As part of the machine control system, the motor graders are equipped with the Topcon GX-60 control box that features Windows XP operating system, touch-screen interface, USB file transfer capability, and a six-inch sunlight viewable color LCD screen. Additionally, the system includes a GPS antenna, MC-R3 receiver, and the MC² sensor — an inertial sensor which combines gyroscopes and accelerometers to measure the X, Y and Z position as well as the roll, pitch, yaw and acceleration of the grader. The Topcon controlling software is designed to provide position updates up to 100 times per second.
GDA Engineers, Cody, Wyo., provided the project control points as well as the points for drainage and utilities for the Meeker Airport project.
“A tremendous amount of time and money was saved because we didn’t need to be setting grade stakes,” said Ken Dobey, construction manager of United Companies. “United Companies created the 3D site model which our GPS machine control could use — thus, the job was virtually stakeless.”
Dobey pointed out that the company has been an early adopter of technology for the past 15 years, with GPS machine control in use for the past four years.
“Our business approach is to be at the cutting edge of technology,” Dobey said. “We’ve found that our investments in technology save us time and resources.”
In keeping with its technology adoption approach, United Companies recently added Topcon Millimeter GPS asphalt paver systems to its three Cat AP-1055D pavers. The Topcon system uses what Topcon refers to as LazerZone technology, which uses GPS positioning together with a zone laser reference provided by a PZL-1A rotating laser, which is said to transmit a signal that creates a measuring area 33 ft. (10 m) in height.
United Companies consulted with Southwest Positioning Inc., Albuquerque, N.M., an authorized Topcon dealer, on the technology to acquire. Southwest Positioning installed the asphalt paver system and trained the United Companies machine operators.
On the first day of paving, United Companies paved two 600-ft. (183 m) long test strips measuring 16-ft. (4.9 m) wide using FAA-specified HMA. Sample cores were taken from the 2-in. (5 cm) thick lift to ensure compliance. The paver guided by the Topcon paving control system provided results well within compliance.
To pave the 100-ft. (30.5 m) by 6,500-ft. (1,981 m) long runway, United Companies arranged three PZL-1A rotating lasers spaced 500 ft. (45.7 m) apart and then leap-frogged them to maintain continuous production flow. A Roadtec SB-2500e material transport vehicle was used to ensure the hot mix asphalt was delivered consistently to the paver at the correct temperature and mix.
“We were quite pleased with the results from the Millimeter GPS system,” Gross said. “We completed our work faster than expected and the results were superior, Only 16 out of the 2,500 test shots were out of compliance and none required corrective action.”

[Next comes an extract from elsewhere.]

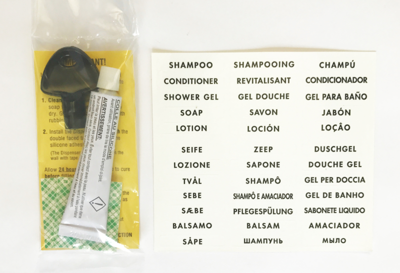 Die Seifenspender lassen sich zum bequemeren Nachfüllen einfach aus der Halterung herausnehmen. Farbgleiche Shampoos unterscheiden Sie durch die beschrifteten, wasserfesten Klebeetiketten (im Lieferumfang enthalten).

In addition to the main runway, United Companies paved a 650-ft. (198 m) by 320-ft. (97.5 m) apron and a 1,200-ft. (365.8 m) long by 50-ft. (15 m) wide taxiway.

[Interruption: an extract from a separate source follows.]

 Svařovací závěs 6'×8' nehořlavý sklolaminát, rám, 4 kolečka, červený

The complete Meeker Airport job required six layers that each needed to be checked for smoothness. The first layer was a graded dirt layer followed by three six-inch lifts of the P-154 subbase course — which is a gravel that consists of hard durable particles or fragments of granular aggregates. The fifth layer was a 6 in. (15 cm) lift of PT-209 base course. And the top layer is two, 2 in. (5 cm) lifts of FAA-specified HMA.
“If we had needed to complete all of this work the old way using survey crews and pounding wood, it probably would have taken us two to three times longer…the technology is that beneficial,” Boone said. “And we can’t argue about the quality of the finished results…the smoothness of the runway pavement can speak for itself.”
The final International Roughness Index of the recently completed Meeker Airport runway surface is well within the FAA specifications. Both the dirt and paving crews of United Companies are pleased with the work they’ve completed on the now upgraded Meeker Airport.